The other intriguing aspect of Strike Force missions is how you actually play through them. You are given a squad of fighters and an objective, and while you can play the mission in standard first-person perspective, you can quickly and easily zoom out to a bird's-eye-view in order to direct your troops and lay down objectives and waypoints as if the game were an RTS. After that, you can just as easily take over any of your resources again. Popping in and out of the front lines means that you can really direct your troops, but also stay in the meat of things, but you don't have to stick to the humans. You can take over the unmanned drones as well. There were several times when we went from the top-down view into one of the robotic tanks or flying guns and whenever we left one of the troops, be it human or robotic), the A.I. picked it up and carried on with its marching orders.
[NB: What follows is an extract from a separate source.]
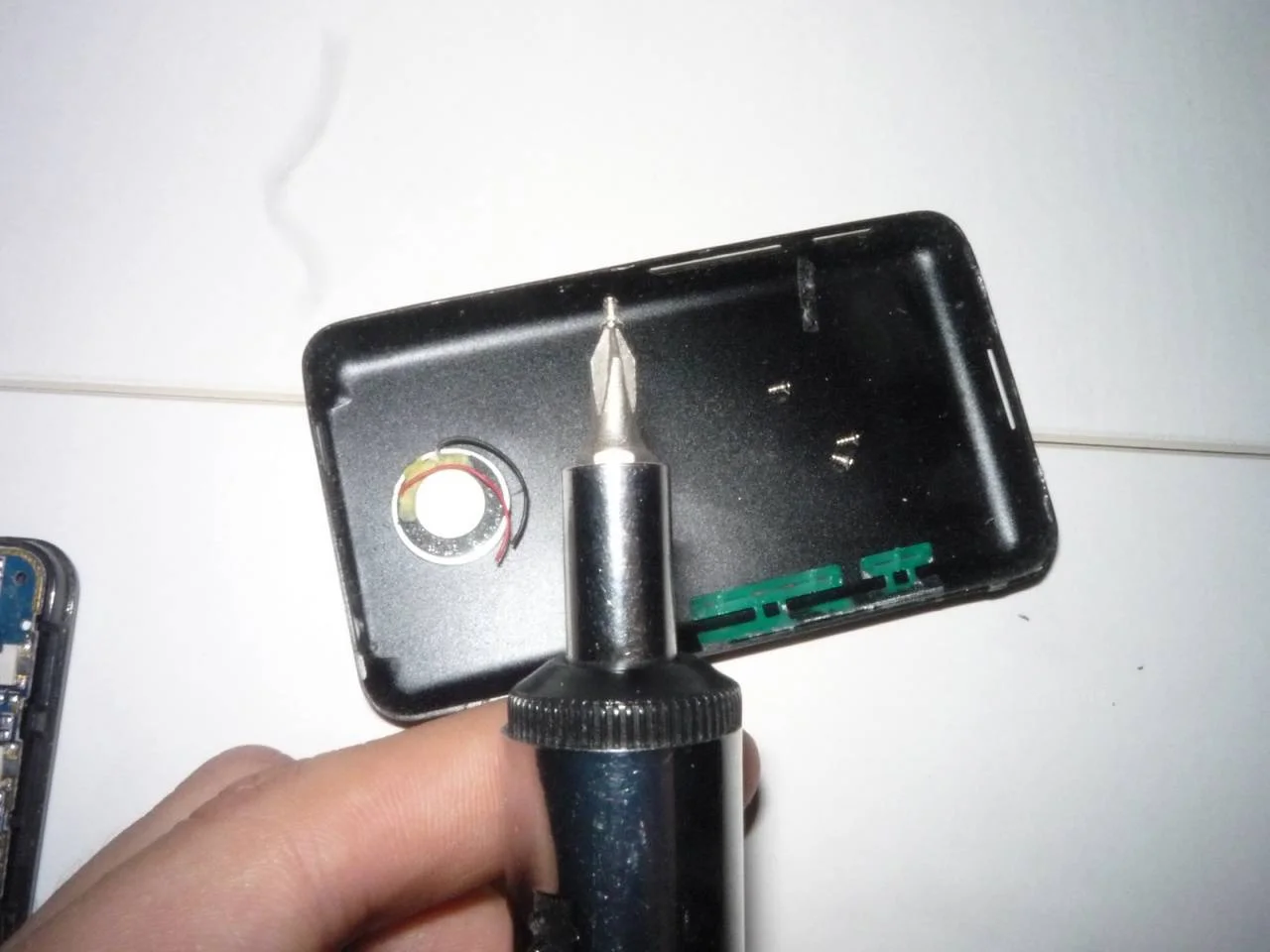 Теперь можно без всяких помех рассмотреть и починить разъем для наушников.

Of course, the question here is, how good is the A.I. and will it behave the way you want it to?

While the focus of the Pre-E3 event was on Call of Duty: Black Ops II's single player experience, the presenters couldn't help touching on the multiplayer aspects of the upcoming game just a little bit. They said that a lot of work has been done this time around to pay careful attention to social connectivity, balance and play styles as well as strong integration into Call of Duty Elite. And, of course, the Zombies mode returns. This time, the levels are being developed in the game's multiplayer engine. This means you can expect bigger worlds, new game modes like 4v4 and other possibilities that are apparently really inspiring the developers at Treyarch. Expect more on the multiplayer aspects of Black Ops II in the near future.

Call of Duty: Black Ops II is slated for release on November 13th of this year for the PC, Xbox 360 and PS3.